Readers are a magnificent tool for knowledge exchange and sharing, but I
have found that (at least for developing countries), the costs of licenses
make them not as popular as required. This means that academic communities
in Latin America (my case) do not master the tool and worst, have no access
to it due to cost (Acrobat Reader is free but does not let you work the text
with comments and marks; for that you require adobe acrobat or acrobat pro
at a rate of USD$ 449 ).

A little sample of digital divide where we need a free software solution
(yeah, as in FREE or at least not expensive.
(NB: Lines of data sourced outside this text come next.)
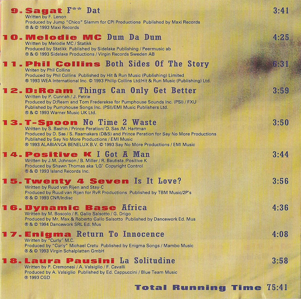 ® 1994 Warner Music Netherlands BV Made in Germany. These are the versions that actually appear on this CD: Track 1 is I’d Do Anything For Love (But I Won’t Do That) (Radio Edit) Track 2 is Never Alone (Euro Radio Mix) Track 3 is Anything (Radio Converted) Track 4 is labelled correctly Track 5 is What’s My Name? (LP Version) Track 6 is Let The Beat Control Your Body (Airplay Edit) Track 7 is U Got 2 Let The Music (DJ Pierre Edit) Track 8 is Babe (Return Remix) Track 9 is Funk Dat (Original Edit) Track 10 is Dum Da Dum (Radio Version) Track 11 is Both Sides Of The Story (Full Length) with a slightly shorter fade Track 12 is Things Can Only Get Better (D·Reamix Edit) Track 13 is No Time 2 Waste (7′ Radio Version) Track 14 is I Got A Man (Original Version) Track 15 is Is It Love (Single Mix) featuring Stay-C and Nance Track 16 is Africa (Vocal Dance Version) Track 17 is Return To Innocence (Radio Edit) Track 18 is labelled correctly Right barcode added
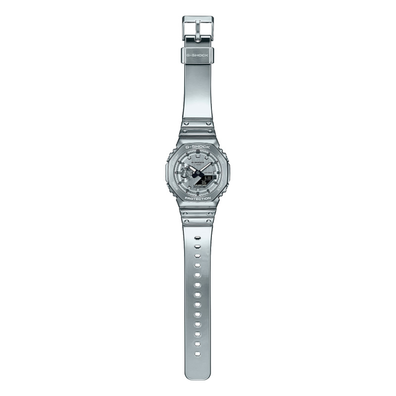 La Montre Casio G-Shock GM-B2100D-1A est l'exemple parfait de comment la robustesse peut rencontrer l'élégance. Dès le premier regard, cette montre capte l'attention avec son design métallisé et moderne. Le boîtier et le bracelet en acier inoxydable ajoutent une dimension de sophistication rarement trouvée dans les montres aussi robustes. La finition polie argentée ne passe pas inaperçue, combinant parfaitement le chic et le sportif. Mais ce qui la distingue véritablement, c'est sa capacité à résister aux chocs intenses, typique de la gamme G-Shock.
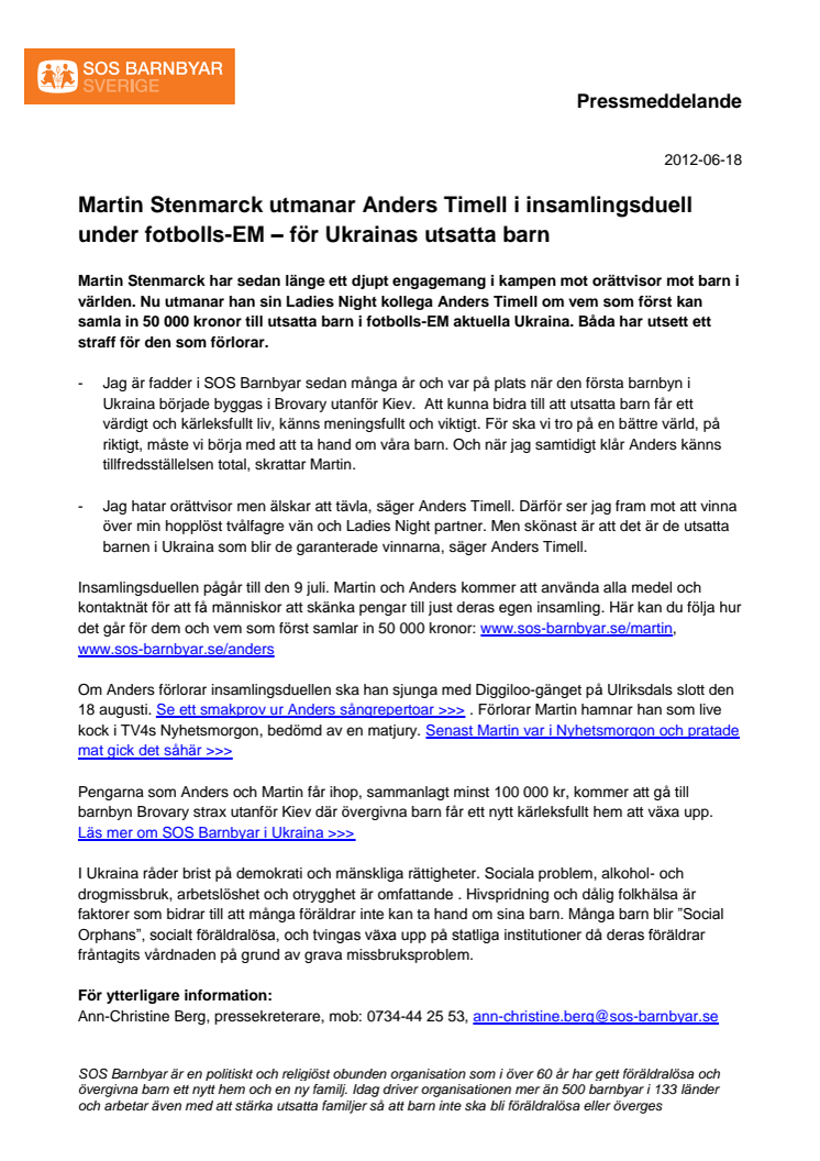 Martin Stenmarck har sedan länge ett djupt engagemang i kampen mot orättvisor mot barn i världen. Nu utmanar han sin Ladies Night kollega Anders Timell om vem som först kan samla in 50 000 kronor till utsatta barn i fotbolls-EM aktuella Ukraina. Båda har utsett ett straff för den som förlorar.

Why des not Adobe produce
something like Microsoft's Campus Agreement so we can access legally their
products at competitive price. A Vista Pro copy under this license is around
USD $20).

-----Mensaje original-----
De: Conor Schaefer [mailto:conor.schaefer at gmail.com] 
Enviado el: jueves, 11 de octubre de 2007 10:23 a.m.
Para: air-l at listserv.aoir.org; cristian.berrio at gmail.com
Asunto: Re: [Air-L] e-reading limitations


Hm, I usually write the file format "TIFF," but I think we're talking 
about the same thing. And oddly, according to Wikpedia, at least, Adobe 
now owns TIFF. From Wikipedia:


Tagged Image File Format (abbreviated TIFF) is a container format for 
storing images, including photographs and line art. It is now under the 
ownership of Adobe. Originally created by the company Aldus[1] for use 
with what was then called "desktop publishing," TIFF is a popular format 
for color and black and white images. The TIFF format is widely 
supported by image-manipulation applications, by publishing and page 
layout applications, by scanning, faxing, word processing, optical 
character recognition and other applications. [2] Adobe Systems, which 
acquired Aldus, now holds the copyright to the TIFF specification.


So it would seem to me that Microsoft was not allowed to include the 
TIFF reader functionality, or decided to exclude it out of animosity 
toward Adobe. Either way, something political, I'm sure.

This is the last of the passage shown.